Téhéran affirme avoir repoussé des navires de guerre ennemis après plusieurs avertissements ignorés. Washington annonce une opération dite de « liberté de navigation », que des analystes qualifient de manœuvre de communication plutôt que d’action militaire.
La marine de la République islamique d’Iran a annoncé avoir empêché des destroyers américains et sionistes de pénétrer dans le détroit d’Ormuz. Selon la direction des relations publiques de l’armée iranienne, citée par l’agence Mehr, « grâce à un avertissement ferme et rapide de la marine iranienne, l’entrée de destroyers ennemis américains et israéliens dans le détroit a été bloquée ». Une source informée, rapportée par la même agence, a précisé que des tirs d’avertissement ont été effectués en direction de plusieurs embarcations de combat américaines. Cette source a indiqué que les forces armées iraniennes « n’autoriseront aucun passage de navires de guerre américains sans coordination préalable », en référence à un précédent qu’elle qualifie de « guerre des quarante jours ». Elle a également averti que « tous les navires doivent tirer les leçons de cet épisode et ne pas payer le prix de la stupidité américaine ». « L’Iran est totalement prêt à faire face à n’importe quel scénario. Les Américains savent qu’ils ne seront pas autorisés à intimider ni à faire la loi. Le général Ali Abdallah, commandant du quartier général central Khatam al-Anbiya, a répondu directement aux déclarations de Donald Trump : « Nous avons répété à maintes reprises que la sécurité du détroit d’Ormuz relève des forces armées de la République islamique d’Iran, et que tout transit sécurisé sera effectué en coordination avec elles, quelles que soient les circonstances. » Il a ajouté : « Nous avertissons que toute force armée étrangère, et en particulier l’armée américaine envahissante, sera attaquée si elle tente d’approcher ou d’entrer dans le détroit d’Ormuz. » Dans un message publié sur le réseau Truth Social, le président américain a affirmé que les États-Unis lanceraient, à partir du lundi matin, une opération visant à « rouvrir » le détroit d’Ormuz, qualifiant cette démarche d’« humanitaire ». Il a également soutenu que de « nombreux pays » avaient sollicité l’aide de Washington pour sécuriser le passage de leurs navires, évoquant ce qu’il nomme le « Projet Liberté ». Ces déclarations interviennent alors même que Trump avait auparavant publiquement comparé la saisie de pétroliers dans le Golfe persique par l’armée américaine à de la « piraterie », affirmant : « Nous avons pris le navire, sa cargaison et son pétrole — c’est un commerce très lucratif. Nous ressemblons à des pirates. »
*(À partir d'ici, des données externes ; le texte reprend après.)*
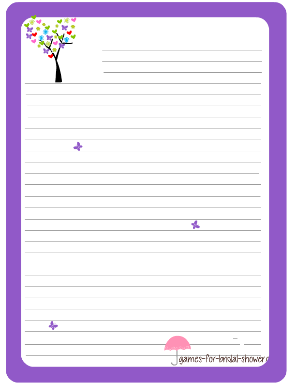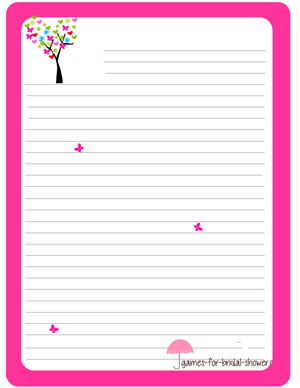 Click on the image shared above and a bigger image will open up. Right click on that image and save that to your computer. This beautiful stationery design is decorates with a tree full of hearts and it has a colorful and bright pink border. I am sure your guests will love playing games on it.

Une stratégie de communication, selon les analystes
Daniel DePetris, analyste à l’Institut Defense Priorities, a publié sur le réseau X une analyse nuancée de la démarche américaine. Selon lui, l’annonce de Trump vise avant tout à « changer le récit dominant » : faire en sorte que les États-Unis ne soient pas perçus comme la cause du problème dans le détroit d’Ormuz, mais comme une partie de la solution — tout en présentant l’Iran comme l’obstacle au libre passage des navires. Il conclut que cette approche relève davantage d’une stratégie de relations publiques que d’une opération militaire.
L’Iran pose ses conditions
La République islamique a fait savoir qu’elle était prête à garantir la sécurité de la navigation dans le détroit d’Ormuz, à condition qu’un cessez-le-feu permanent soit obtenu et que la guerre prenne fin, dans le respect des protocoles de sécurité iraniens. Téhéran a, par ailleurs, confirmé avoir préparé d’autres scénarios d’intervention, qui seraient mis en œuvre en cas de besoin. Le détroit d’Ormuz, par lequel transitent des volumes considérables des exportations mondiales de pétrole, représente un point névralgique dont toute perturbation affecte directement la chaîne d’approvisionnement énergétique mondiale : pétrochimie, engrais, carburants et autres matières premières stratégiques.